*** Material provided Section Begins ***
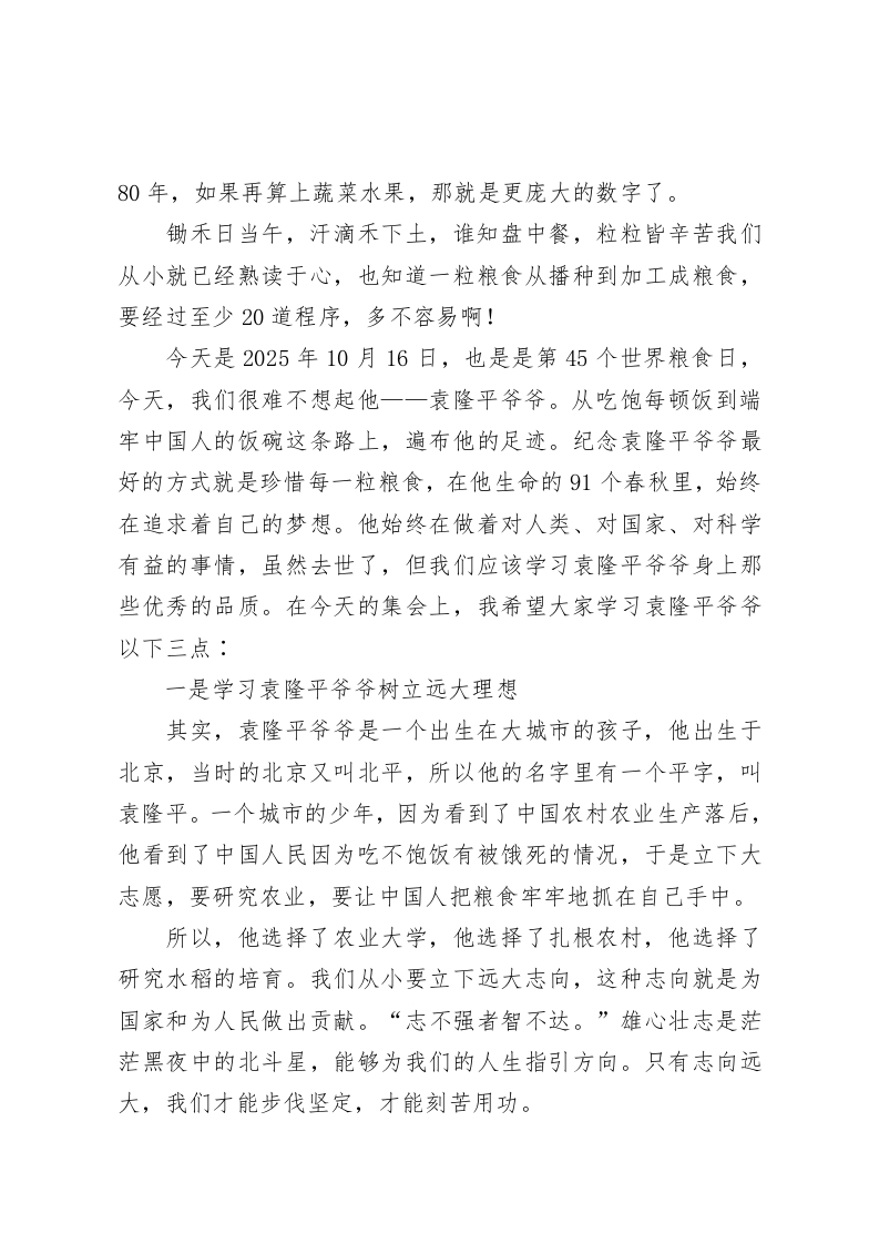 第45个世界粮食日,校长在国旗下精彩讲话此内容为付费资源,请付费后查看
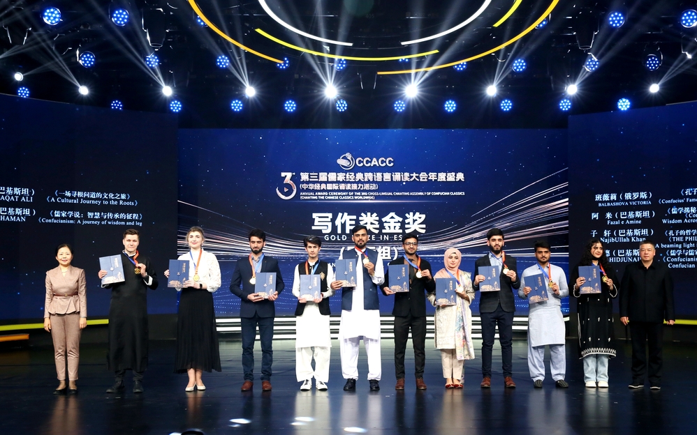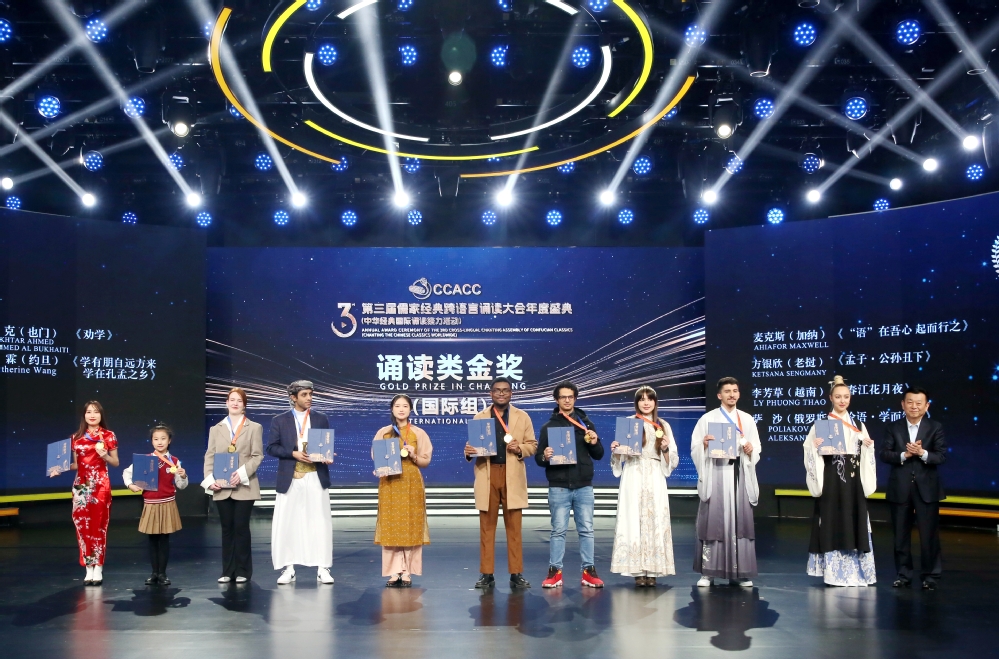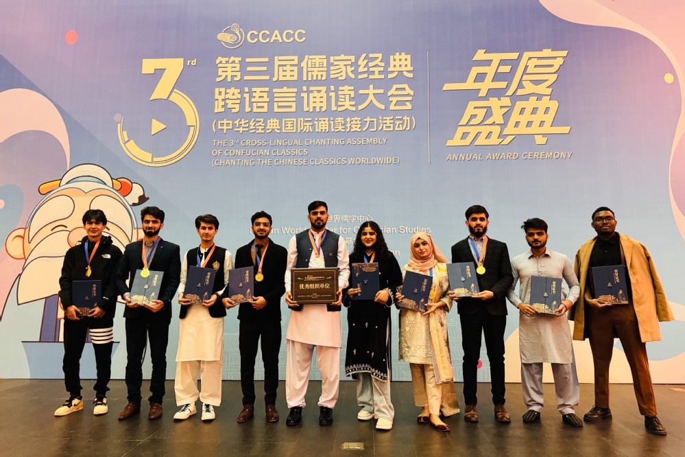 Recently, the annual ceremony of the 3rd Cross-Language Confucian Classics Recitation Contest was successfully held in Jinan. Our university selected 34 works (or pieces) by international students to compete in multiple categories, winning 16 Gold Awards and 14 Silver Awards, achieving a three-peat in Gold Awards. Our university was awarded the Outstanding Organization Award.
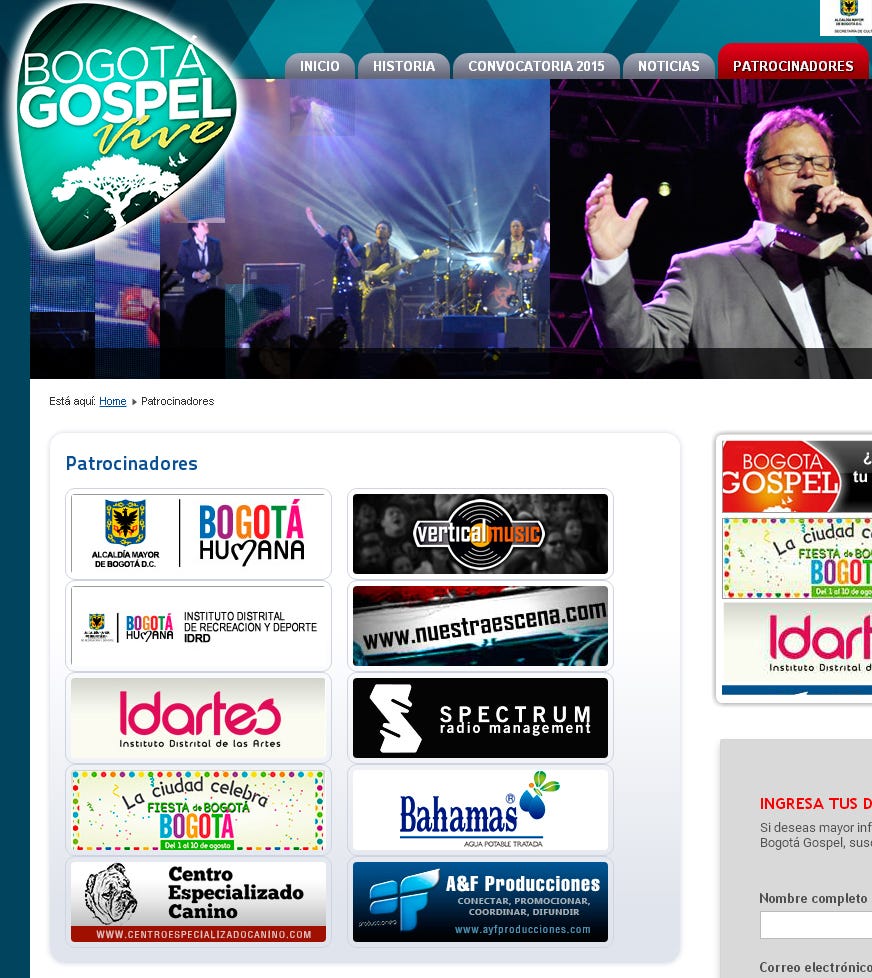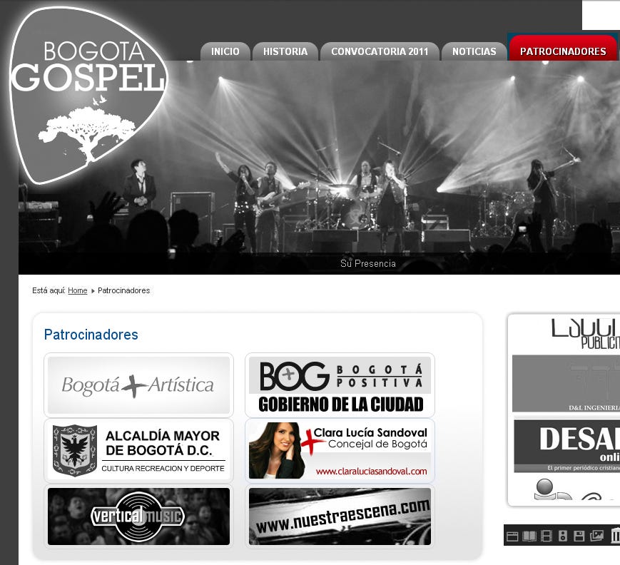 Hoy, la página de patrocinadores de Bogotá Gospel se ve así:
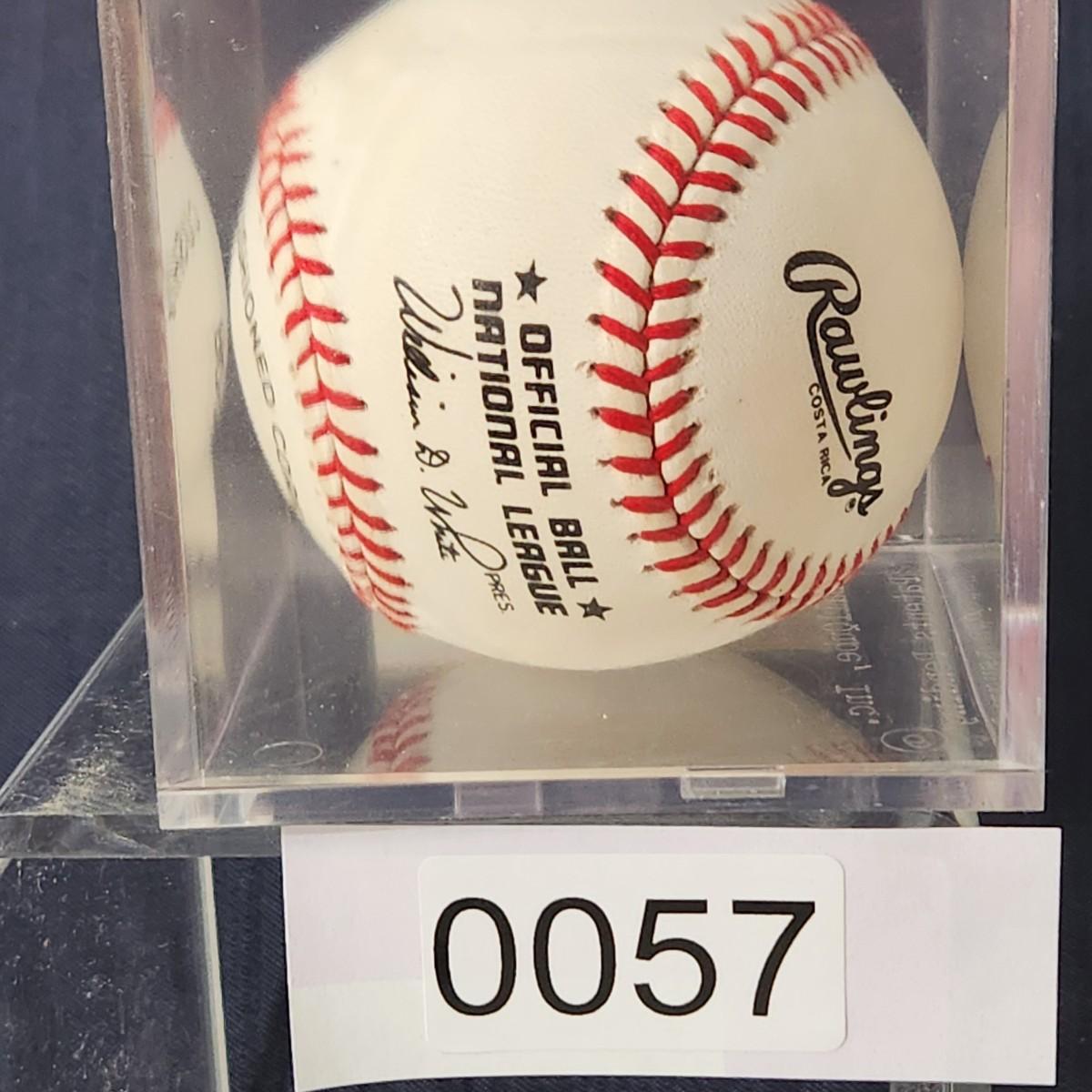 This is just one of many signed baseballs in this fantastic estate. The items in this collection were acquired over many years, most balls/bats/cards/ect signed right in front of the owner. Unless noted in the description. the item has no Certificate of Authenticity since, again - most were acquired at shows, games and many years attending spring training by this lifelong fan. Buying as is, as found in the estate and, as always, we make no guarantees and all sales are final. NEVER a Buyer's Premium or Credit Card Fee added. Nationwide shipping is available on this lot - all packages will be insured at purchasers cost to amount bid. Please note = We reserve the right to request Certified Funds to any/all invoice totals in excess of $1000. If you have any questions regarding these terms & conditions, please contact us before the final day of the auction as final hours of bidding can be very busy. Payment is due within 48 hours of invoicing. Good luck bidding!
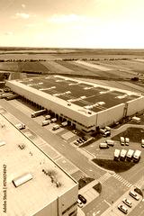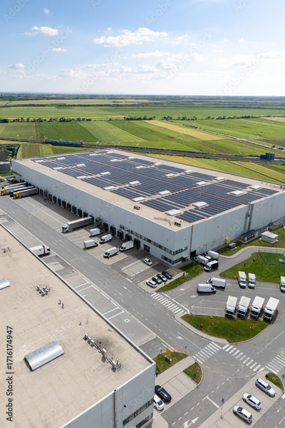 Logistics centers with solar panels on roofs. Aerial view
*** Material provided Section Ends ***
Task instructions —
Retype the data exactly as it stands, but keep the images out of your copy.

The completed task —
 第45个世界粮食日,校长在国旗下精彩讲话此内容为付费资源,请付费后查看
 Recently, the annual ceremony of the 3rd Cross-Language Confucian Classics Recitation Contest was successfully held in Jinan. Our university selected 34 works (or pieces) by international students to compete in multiple categories, winning 16 Gold Awards and 14 Silver Awards, achieving a three-peat in Gold Awards. Our university was awarded the Outstanding Organization Award.
 Hoy, la página de patrocinadores de Bogotá Gospel se ve así:
 This is just one of many signed baseballs in this fantastic estate. The items in this collection were acquired over many years, most balls/bats/cards/ect signed right in front of the owner. Unless noted in the description. the item has no Certificate of Authenticity since, again - most were acquired at shows, games and many years attending spring training by this lifelong fan. Buying as is, as found in the estate and, as always, we make no guarantees and all sales are final. NEVER a Buyer's Premium or Credit Card Fee added. Nationwide shipping is available on this lot - all packages will be insured at purchasers cost to amount bid. Please note = We reserve the right to request Certified Funds to any/all invoice totals in excess of $1000. If you have any questions regarding these terms & conditions, please contact us before the final day of the auction as final hours of bidding can be very busy. Payment is due within 48 hours of invoicing. Good luck bidding!
 Logistics centers with solar panels on roofs. Aerial view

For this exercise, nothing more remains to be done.